The aggregated XLE put/call ratio triggered a new buy signal
Key points:
- XLE constituent put volume increased relative to call volume
- The aggregated XLE put/call ratio has now reversed lower from an elevated level
- Energy stocks have rallied 100% of the time 2 months later after other signals
The aggregated put-call ratio as a contrary sentiment indicator
When investors are bullish on stocks, they buy call options to bet on rising prices. Conversely, when they are bearish on stocks, they purchase put options to bet on declining stocks. The put/call ratio can be used as a contrary indicator to identify an environment where sentiment has become too pessimistic on the future direction of stocks. When opinions become too bearish, stocks tend to rally.
The aggregated put/call ratio indicator measures the summed options data for constituents of the index/ETF.
A trading model that identifies a reversal in the aggregated put/call ratio
The put/call ratio trading model applies an 84-day range rank to a 10-day moving average of the XLE aggregated put/call ratio. The pessimistic reset condition is confirmed when the range rank indicator crosses the 99th percentile. A new buy signal occurs when the range rank crosses back below the 57th percentile.
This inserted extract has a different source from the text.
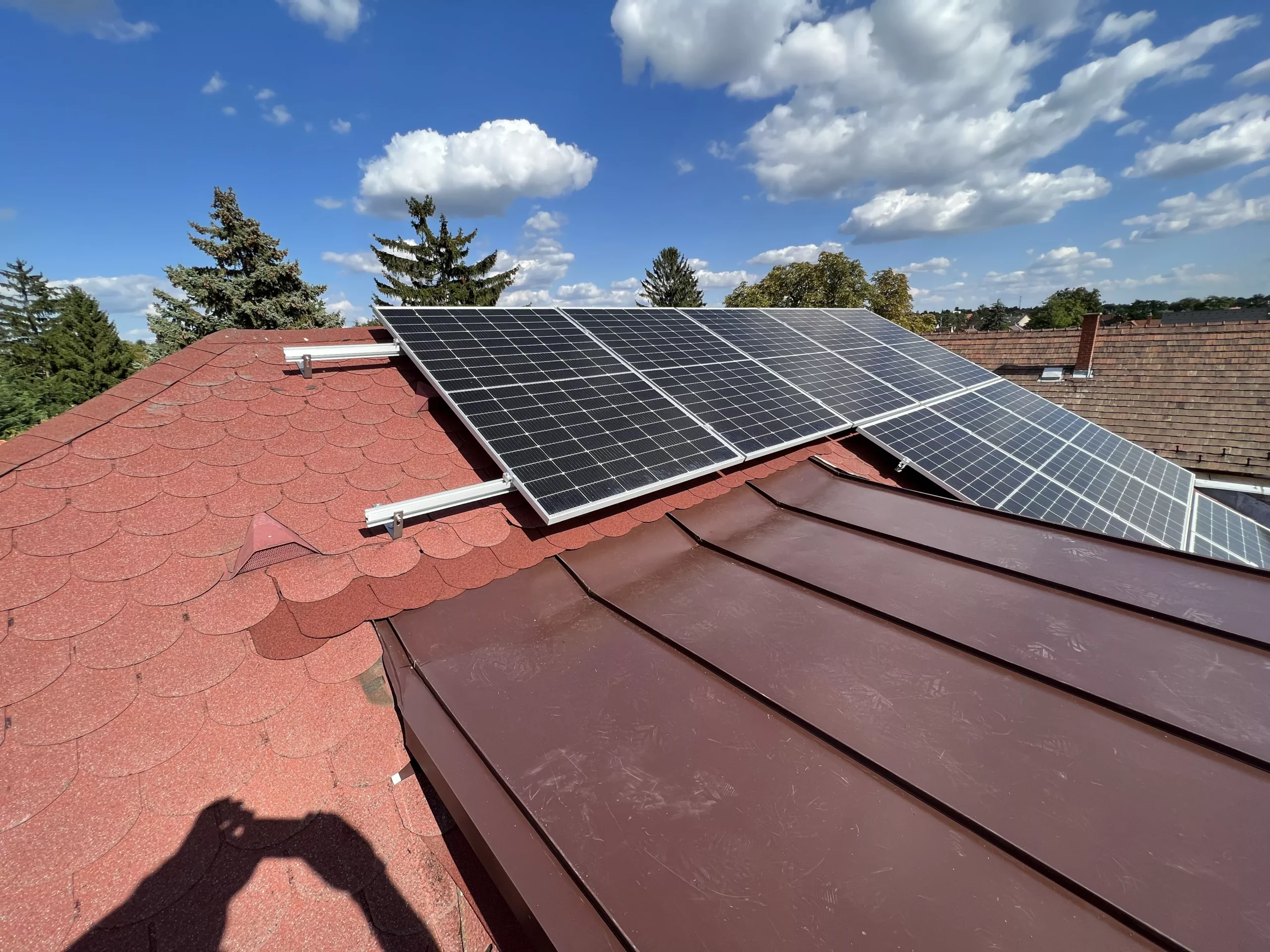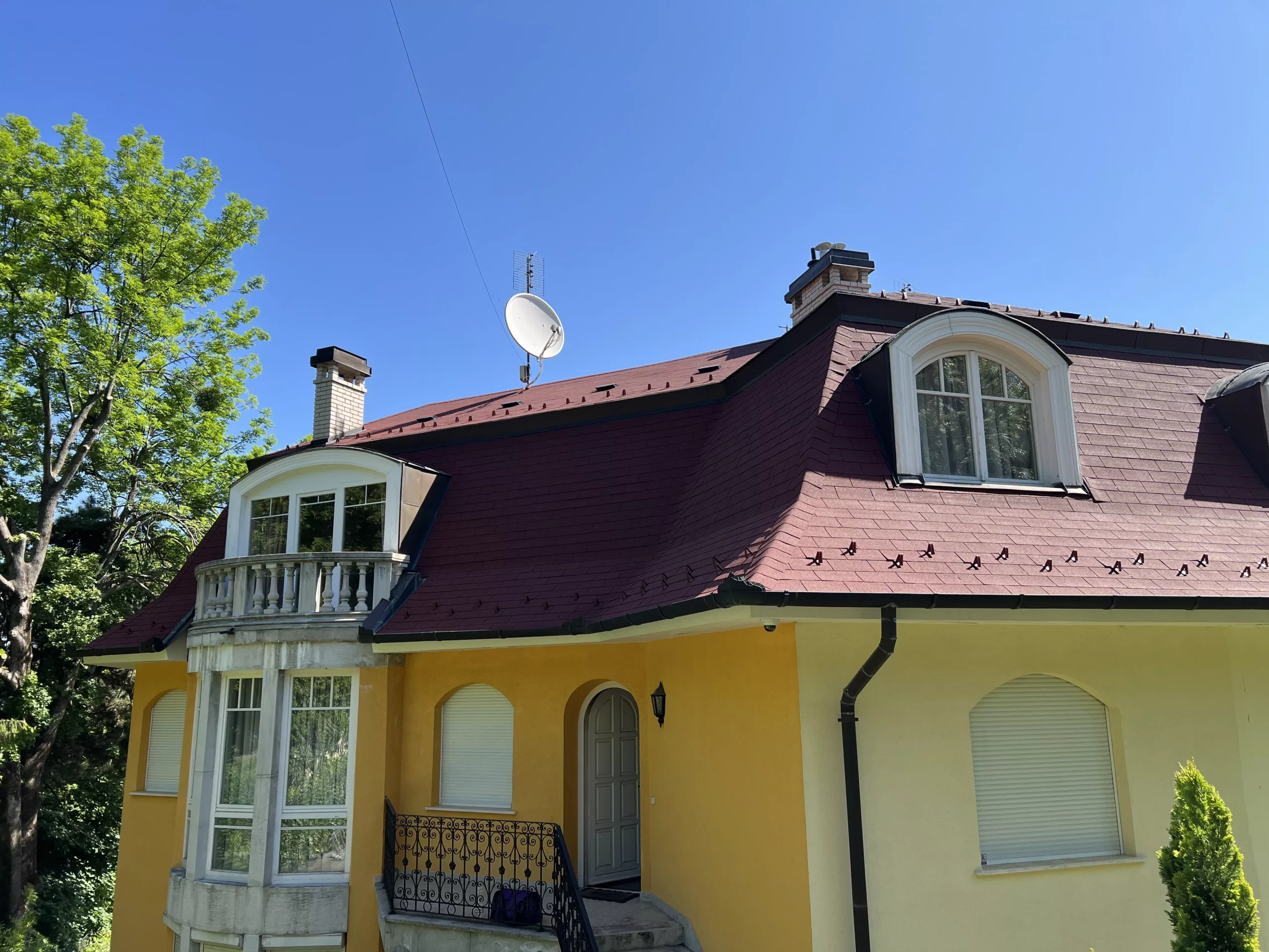 Kutyaólak teteje tönkrement, mert nem megfelelő fedést választottak erre az alacsony hajlásszögű tetőrészre. Ezt váltottuk ki korcolt lemezfedésre.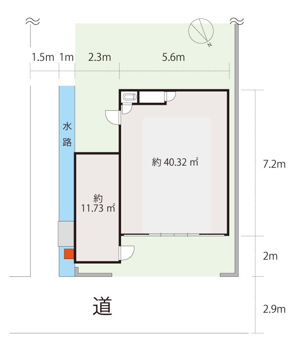 平面図はこんな感じ。横っちょの物置を壊せば奥まで車で行けるかも。

At the same time, the 5-day rate of change for the XLE ETF must be >= 3%. i.e., market momentum is positive.
Similar reversals in the put/call ratio have preceded gains 100% of the time
This signal has triggered 10 other times over the past 8 years. After the others, XLE future returns, win rates, and z-scores were excellent across all time frames, especially the 2-month window. The aggregated ETF put and call volume data are new time series with a start date in 2013. Therefore, the sample size is small.
I've highlighted several bullish signals for the energy sector since 1/5/22. So, I would use this signal as additional confirmation of a bullish trend for energy stocks.
What the research tells us...
When put volume increases relative to call volume, traders have become too pessimistic on the outlook for stocks. Stocks are likely to reverse higher when the pessimistic extreme reverses. Similar setups to what we're seeing now have preceded rising prices for the energy sector ETF (XLE), with a 2-month win rate of 100%.